Rather than clinging to sentimentality, Sasse described a faith that meets suffering head-on. “A well-lived life demands more reality — stiffer stuff. That’s why, during advent, even while still walking in darkness, we shout our hope — often properly with a gravelly voice soldiering through tears.”
“Such is the calling of the pilgrim. Those who know ourselves to need a Physician should dang well look forward to enduring beauty and eventual fulfillment. That is, we hope in a real Deliverer — a rescuing God, born at a real time, in a real place. But the eternal city — with foundations and without cancer — is not yet,” Sasse observed.
Drawing from Isaiah’s prophecies, Sasse noted how Scripture reframes even the most challenging realities. “Remembering Isaiah’s prophecies of what’s to come doesn’t dull the pain of current sufferings,” he wrote. “But it does put it in eternity’s perspective.” He followed with a line from “Amazing Grace” to underscore that eternal view: “When we’ve been there 10,000 years… We’ve no less days to sing God’s praise.”

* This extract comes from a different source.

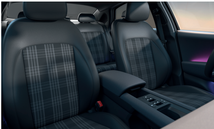
Das schwarze Interieur bietet Sitze in der exklusiven Kombination von Leder und Grey Tartan sowie einen schwarzen Dachhimmel.

Even while facing grim odds, he vowed not to go quietly: “I’ll have more to say. I’m not going down without a fight.” Expressing gratitude for medical advancements, Sasse wrote, “One sub-part of God’s grace is found in the jawdropping advances science has made the past few years in immunotherapy and more.”
He remarked that the process of dying “is still something to be lived,” adding that his household was embracing “a lot of gallows humor,” and that he was committed “to run through the irreverent tape.”
Concluding his message, Sasse offered a blessing rooted in Scripture:
“But for now, as our family faces the reality of treatments, but more importantly as we celebrate Christmas, we wish you peace: ‘The people walking in darkness have seen a great light; on those living in the land of deep darkness a light has dawned… For to us a son is given’ (Isaiah 9).”
Sasse, who stepped down from the U.S. Senate in 2023, had served two terms representing Nebraska. His resignation came in part due to frustration with the political climate in Washington, DC, and to take on the role of president at the University of Florida. He later stepped back from that role to care for his wife Melissa, following her epilepsy diagnosis and emerging memory issues.
In his tenure at the University of Florida, he took a firm stance in support of Jewish students during pro-Hamas protests on campus in 2024, declaring, “UF is proud to be home to the most Jewish students anywhere in the country. This is the most Jewish university in the country, and it is great to be a Jewish gator.”
Sasse also opposed the confirmation of Ketanji Brown Jackson to the U.S. Supreme Court, citing what he described as her lack of a discernible judicial philosophy, which he said should have been made “clear and understandable” to the committee. He joined other Republicans in raising concerns about Jackson’s sentencing record in child pornography cases, including a lenient sentence for convicted sex offender Wesley Hawkins. During the confirmation fight, ABC’s The View co-host Joy Behar took aim at Sasse directly, declaring, “The Ben Sasses of the world are more dangerous than even the Lindsey Grahams.” Despite the opposition, Jackson was ultimately confirmed to the Supreme Court.